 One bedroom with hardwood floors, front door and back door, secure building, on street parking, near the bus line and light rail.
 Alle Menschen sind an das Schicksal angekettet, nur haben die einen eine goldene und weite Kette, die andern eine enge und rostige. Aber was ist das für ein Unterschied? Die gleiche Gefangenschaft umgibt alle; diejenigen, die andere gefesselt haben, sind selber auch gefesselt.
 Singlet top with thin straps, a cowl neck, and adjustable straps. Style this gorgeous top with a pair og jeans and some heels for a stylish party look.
...
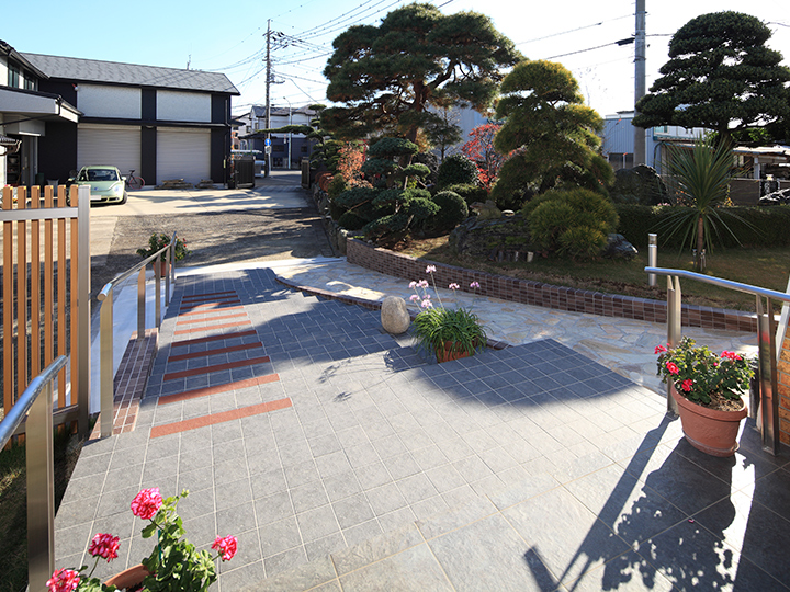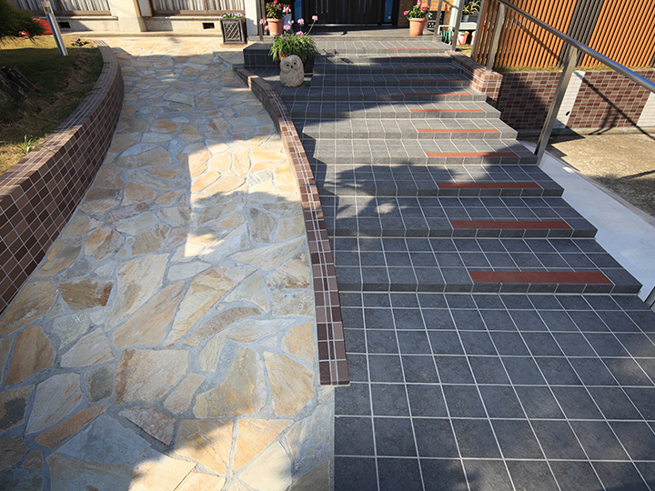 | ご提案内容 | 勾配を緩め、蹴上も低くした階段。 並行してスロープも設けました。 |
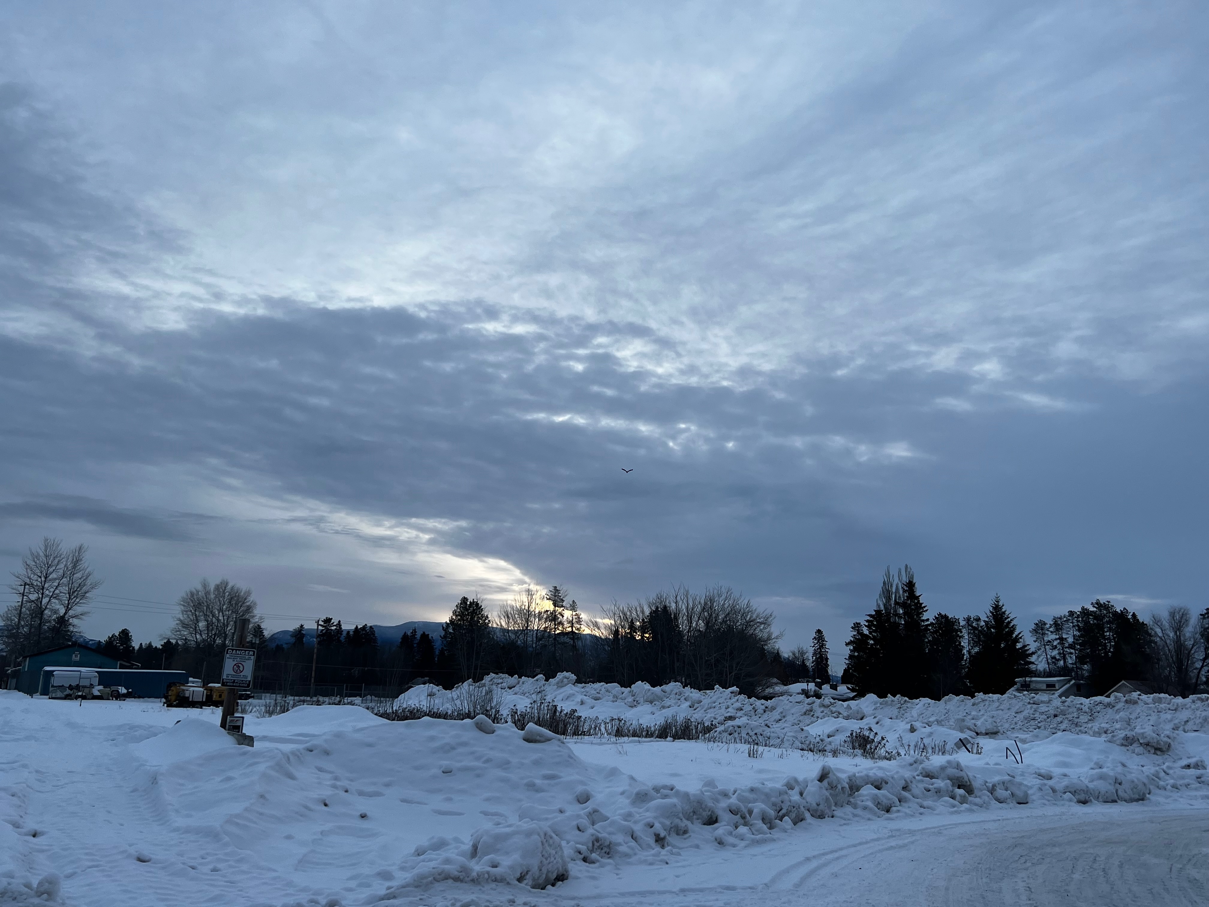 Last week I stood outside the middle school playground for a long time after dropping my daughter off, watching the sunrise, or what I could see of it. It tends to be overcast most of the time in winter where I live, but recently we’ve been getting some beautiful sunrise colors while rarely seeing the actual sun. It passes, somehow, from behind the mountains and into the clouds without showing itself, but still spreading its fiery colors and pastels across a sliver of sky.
--
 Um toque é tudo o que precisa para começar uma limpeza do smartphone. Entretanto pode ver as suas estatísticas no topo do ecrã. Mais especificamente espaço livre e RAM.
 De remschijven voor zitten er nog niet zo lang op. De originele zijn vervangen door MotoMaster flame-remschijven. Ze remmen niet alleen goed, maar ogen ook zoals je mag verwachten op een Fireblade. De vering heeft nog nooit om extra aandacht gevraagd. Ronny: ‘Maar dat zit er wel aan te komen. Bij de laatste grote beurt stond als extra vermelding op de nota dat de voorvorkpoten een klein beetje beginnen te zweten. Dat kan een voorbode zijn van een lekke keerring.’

[PROBLEM REQUIREMENTS] Copy out each line of the data in which the word "door" appears.

[EXERCISE ANSWER]
 One bedroom with hardwood floors, front door and back door, secure building, on street parking, near the bus line and light rail.
 De remschijven voor zitten er nog niet zo lang op. De originele zijn vervangen door MotoMaster flame-remschijven. Ze remmen niet alleen goed, maar ogen ook zoals je mag verwachten op een Fireblade. De vering heeft nog nooit om extra aandacht gevraagd. Ronny: ‘Maar dat zit er wel aan te komen. Bij de laatste grote beurt stond als extra vermelding op de nota dat de voorvorkpoten een klein beetje beginnen te zweten. Dat kan een voorbode zijn van een lekke keerring.’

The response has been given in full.